“A Furnas existe desde que o Dionísio chegou aqui”

Espaço recentemente reconhecido como herança de Furnas (Foto: CPT/MS)

Membros do Tribunal Popular da Terra levam um dia de partilha e militância na comunidade quilombola Furnas do Dionísio, onde se realizará um encontro de formação social e política de lideranças e juventude quilombolas de MS em fevereiro.

Por CPT/MS

Um córrego e várias cachoeiras cortam a gruta; atravessam a comunidade. Morros em formação circular desenham um buraco gigante. Janeiro empresta sua cor nesta época do ano e a paisagem fica coberta de verde. Quando chegar o outono a colina vai virar castanho ou alaranjado, o que deixará descobertas as rochas cinza, a mesma cor dos atalhos de pedregulhos que comunicam as casas dos moradores.

A paisagem, embora, não poderia ficar perfeita sem uma cor que é mais perene e que diz respeito a liberdade e dignidade. A cor dos descendentes de escravos negros da Comunidade Furnas do Dionísio flameja como herança de luta e resistência por território e direito em Mato Grosso do Sul, como outras 20 comunidades quilombolas existentes no Estado.

Com pau-a-pique, sapê, muita argila e até esterco de vaca, em 1890, seu Dionísio Antônio Vieira e família, vindo de Minas Gerais, levantam as primeiras casas. “Ele  chegou de Minas, gostou do lugar, voltou para buscar sua família e retorna para ficar. Então, Furnas existe desde que o Dionísio chegou aqui”, narra Maria Aparecida Martins, a Cida, presidenta da Associação dos Pequenos Produtores Rurais de Furnas do Dionísio.

Maria Aparecida Martins, liderança de Furnas

São 94 famílias no meio de uma beleza natural exuberante, que perante conquistas recentes de reconhecimento de territórios, e ainda aguardando a titulação de suas terras,  desejam avançar em organização, formação e capacitação, para ter autonomia e poder comunitário de gestão sobre os direitos e heranças garantidos.  “Hoje temos outras necessidades, a luta maior por muito tempo foi pela sobrevivência. Nestes tempos precisamos aprender sobre organização” disse dona Cida.

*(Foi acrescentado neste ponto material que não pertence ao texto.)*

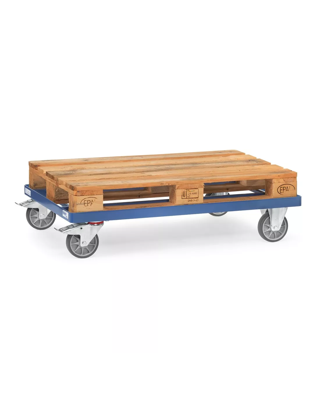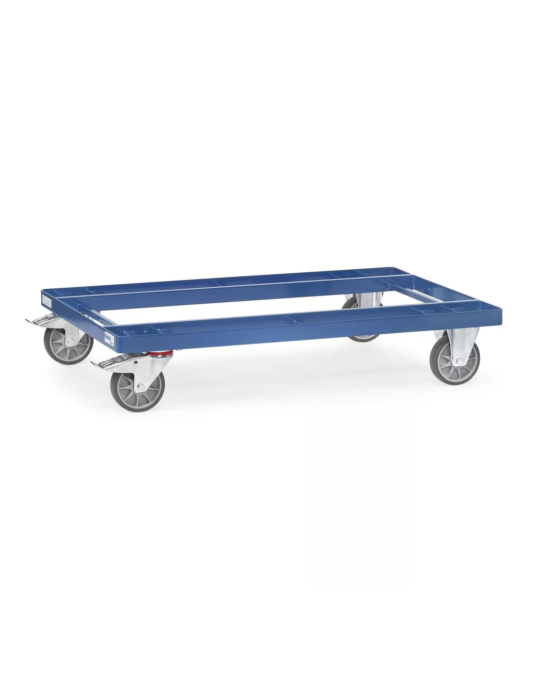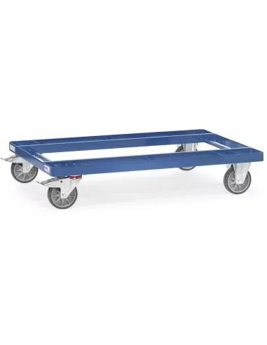 Châssis en acier plat avec longerons en tube carré, revêtement époxy bleu RAL 5007. Sans cornières d'angle. Les longerons étant positionnés 20 mm en-dessous du châssis, les palettes peuvent être transportées en toute sécurité. Rouleur de palettes pour palettes bois ou grillagées. 2 roues fixes et 2 roues pivotantes à bandage TPE, moyeu à roulement à billes. Freins sur roues pivotantes. Déplacement peu bruyant sur sols plats, bandage non traçant. *Aucunes des options telles que rehausse, dossier de poussée, dossier de poussée amovible et timon et attache ne sont livrables pour le rouleur de palettes charge légère.

“Reparações e cotas raciais” 

Luciene Prado, vice-presidente da Associação é uma das poucas jovens que voltou à sua comunidade depois de estudar e se formar na universidade. O objetivo dela é contribuir para o melhoramento das condições de vida de sua gente. Preocupada com a juventude quilombola, sobre tudo pela crise de identidade existente, fala de propostas e reivindicações concretas. Apontou que, de um modo geral, a luta dos quilombolas no Estado é pela titulação imediata de todas as terras quilombolas, sem burocracia. E também que o governo garanta condições para o desenvolvimento sustentável das comunidades quilombolas, indígenas e camponesas, além de emprego com salários dignos para a juventude negra. Indicou que é necessário acabar com a intolerância religiosa e garantir a liberdade de expressão cultural e da cultura afro-brasileira. “Queremos saúde e educação 100% estatal e pública e a aplicação da lei 10.639 e os 10% do PIB para educação”, salientou.

Encontro do TPT em Furnas do Dionísio

O Tribunal Popular da Terra, junto ao movimento das Comunidades Negras Rurais Quilombolas de MS-CONERQ e a Associação dos Pequenos Produtores Rurais de Furnas do Dionísio realizarão na comunidade, em 23 e 24 de fevereiro, um encontro quilombola, com participação de lideranças indígenas e camponesas, do movimento universitário, entidades e movimentos sociais. Representantes da Coordenadora Ecumênica de Serviço (CESE) também estarão presentes no encontro. A atividade faz parte de uma das propostas do Tribunal Popular da Terra, como coletivo democrático-popular de entidades, organizações e movimentos de luta por terra e território em Mato Grosso do Sul. Mais um momento de encontro entre os Povos da Terra para trocar idéias e experiências no processo de construção de unidade e o avanço para um calendário de lutas unificadas a meio e longo prazo, tendo como eixo a temática terra e territorialidade. A atividade conta inicialmente com o apoio da NMZ (Centro da Missão luterana da Alemanha) e a Comissão Pastoral da Terra (CPT). Outras parcerias para arcar com os custos do encontro serão procuradas, indicaram os organizadores.